Adams' time at Otago was interrupted during World War I, when he enlisted voluntarily in the New Zealand Expeditionary Force (NZEF) in early 1917. He was overseas from the end of that year until March 1920. In England, he was appointed an educational instructor under the NZEF education scheme, and was granted the rank of temporary captain. When he was discharged in April 1920, he held the rank of second lieutenant.

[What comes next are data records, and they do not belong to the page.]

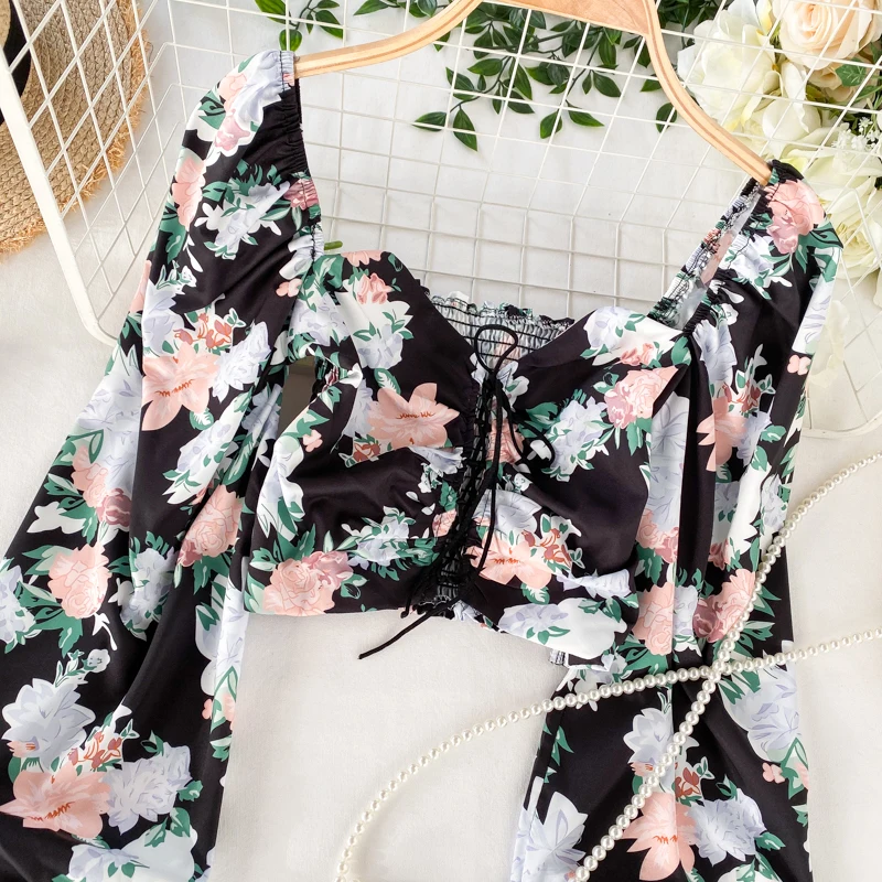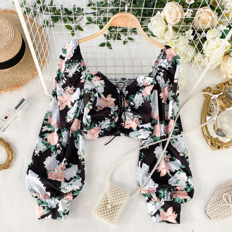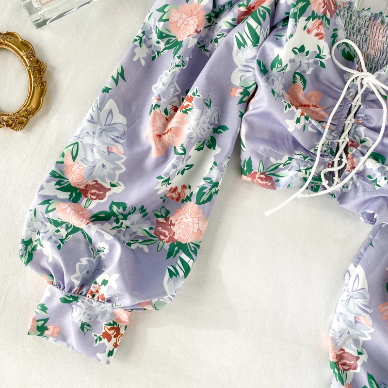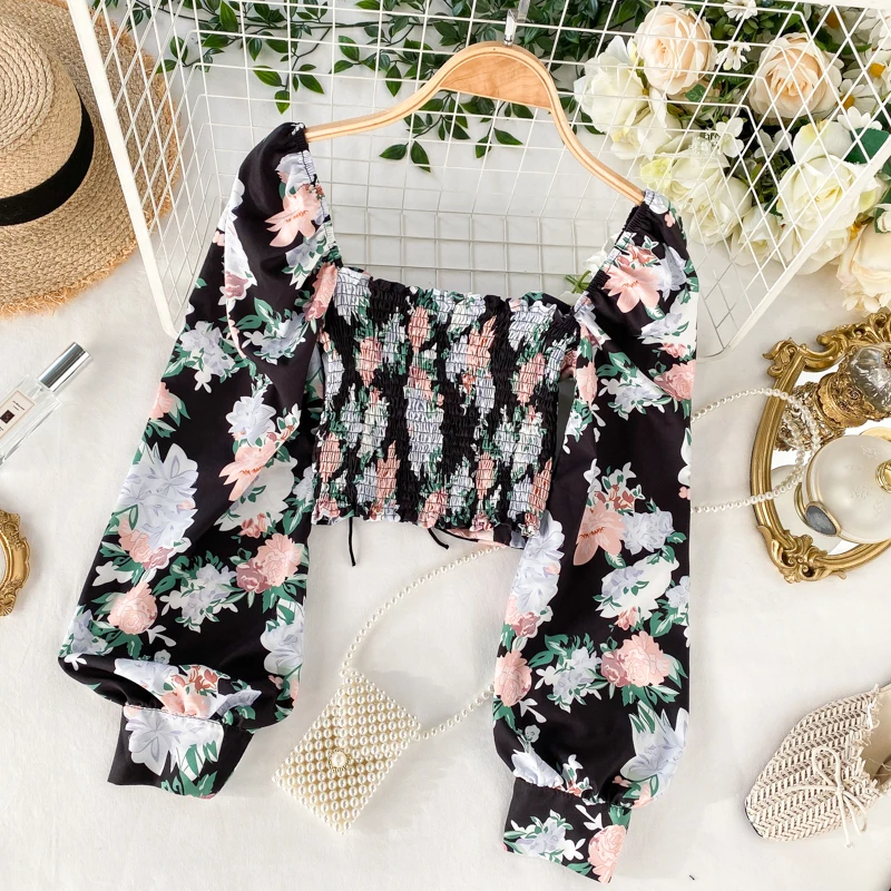 Женский винтажный топ в дворцовом стиле, короткий эластичный Топ с квадратным вырезом и принтом, Облегающая рубашка во французском стиле, на лето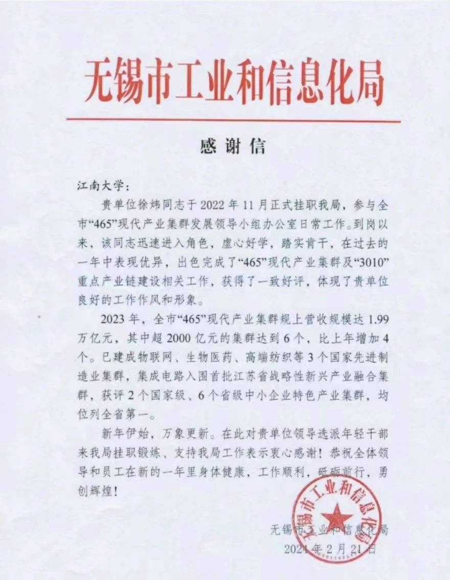 无锡市工业和信息化局专程向我校致感谢信,内容如下: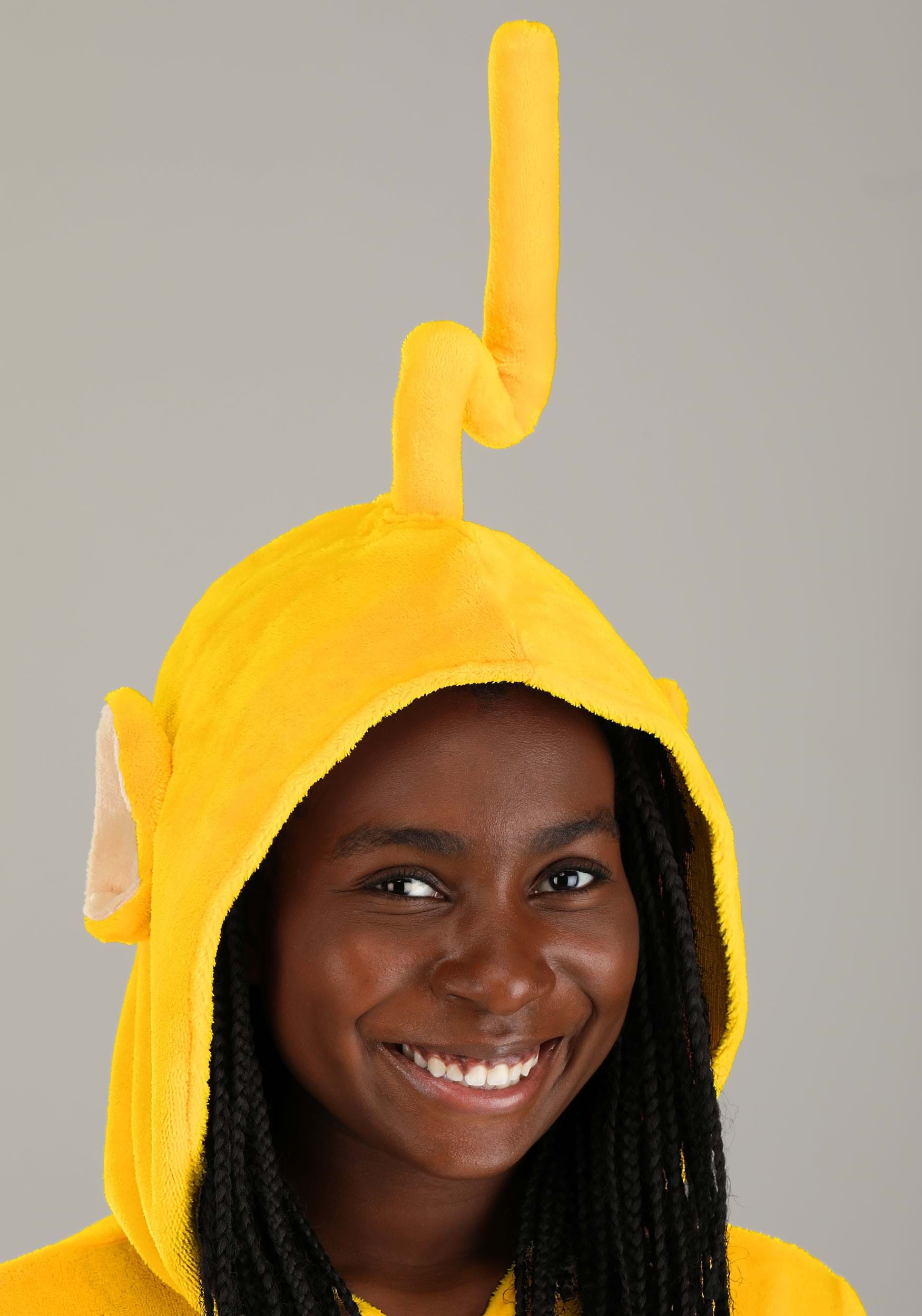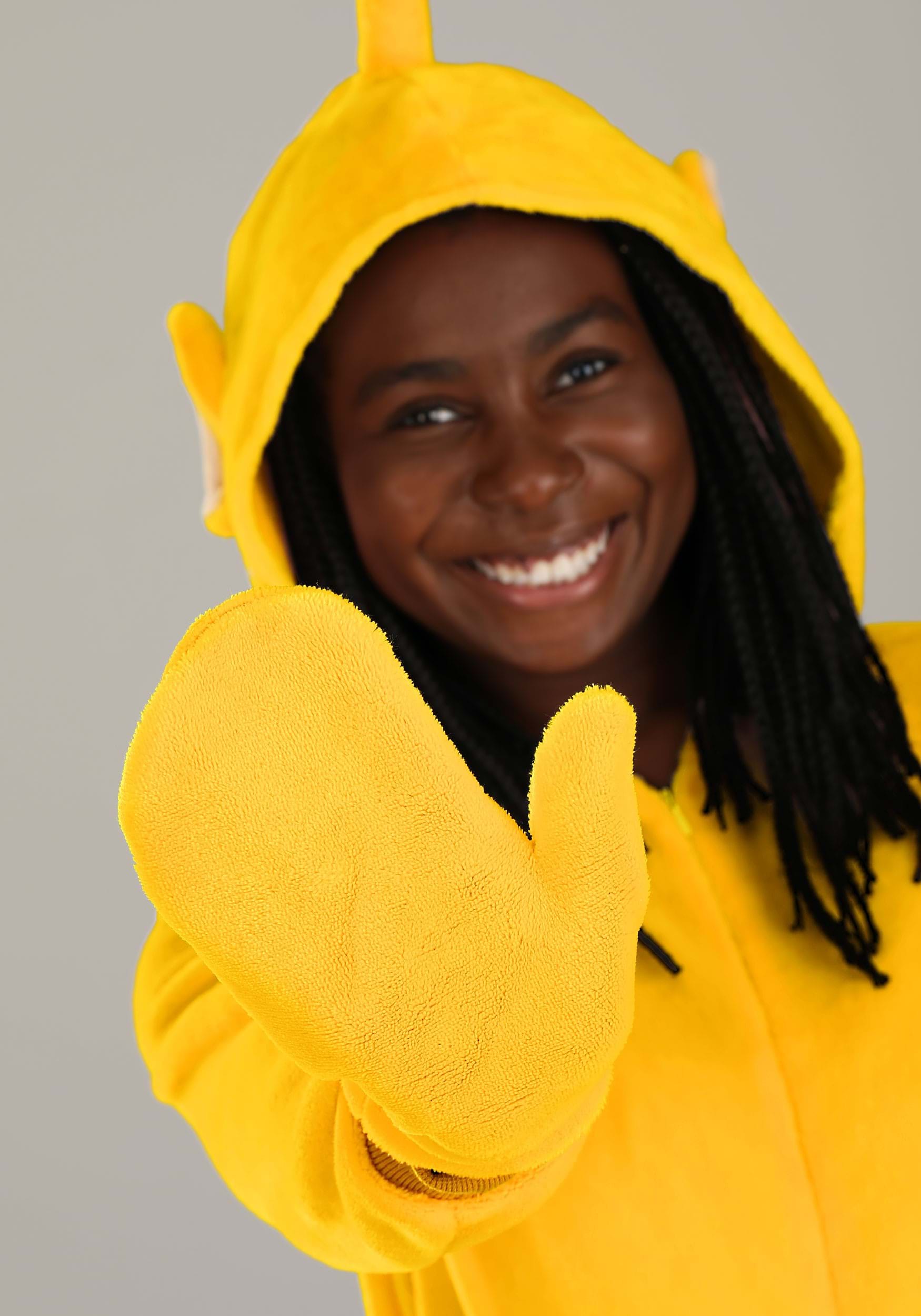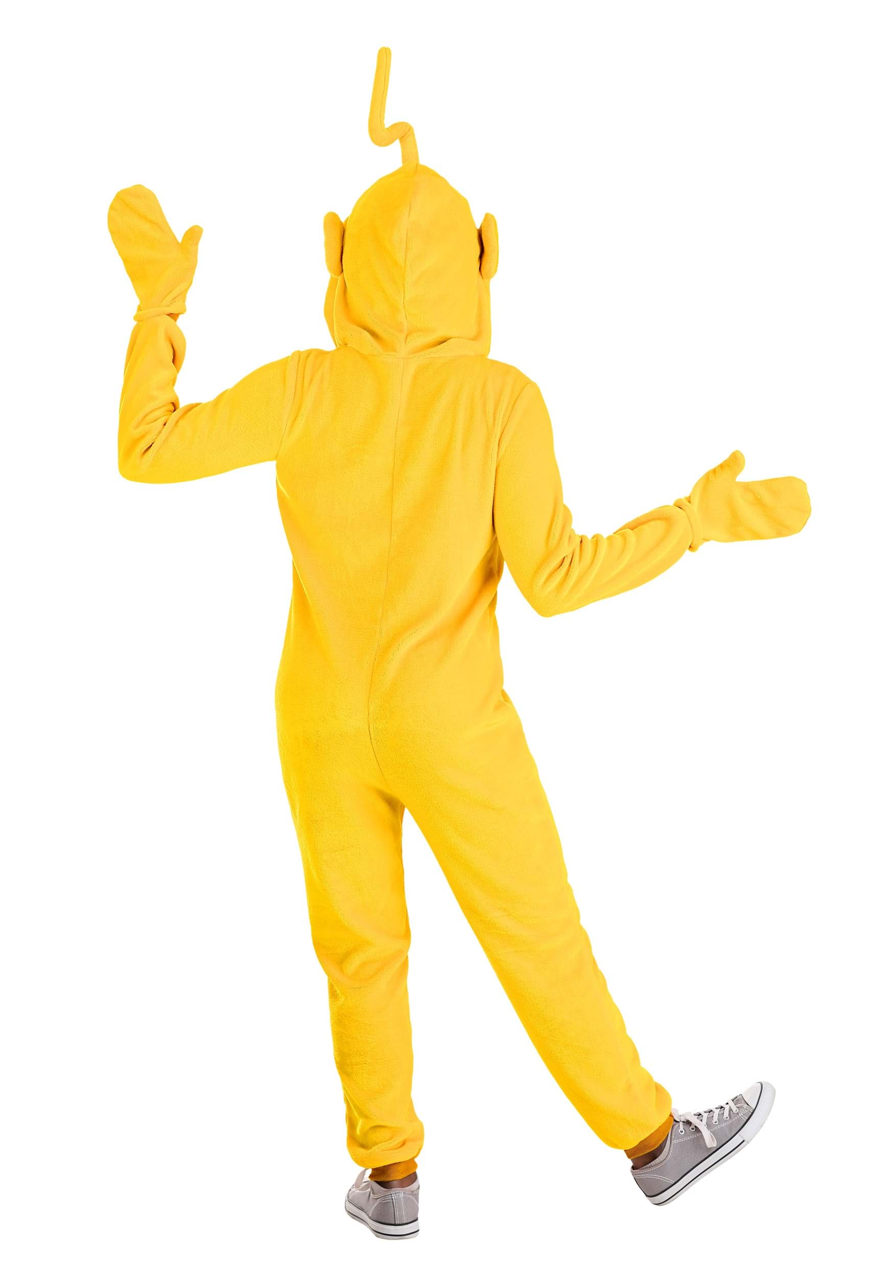 This is an exclusive Adult Teletubbies Laa-Laa Jumpsuit Costume.

When Adams retired from the University of Otago, the university council paid tribute to him, saying:
His natural love of literature and music and his nice discrimination in both have impelled him to give strong support both within and without the University to all movements whose object it was to foster the arts."

==Later life and death==
On 25 November 1948, Adams married Lucy Sandford Morton, at First Church in Dunedin. Morton was a retired schoolteacher, having been senior assistant at Otago Girls' High School, and also served as president of the University of Otago Court of Convocation, the University of Otago Graduates' Association, and the Otago Girls' High School Old Girls' Association. Adams died in Dunedin on 20 November 1953. His wife, Lucy Adams, died in 1964.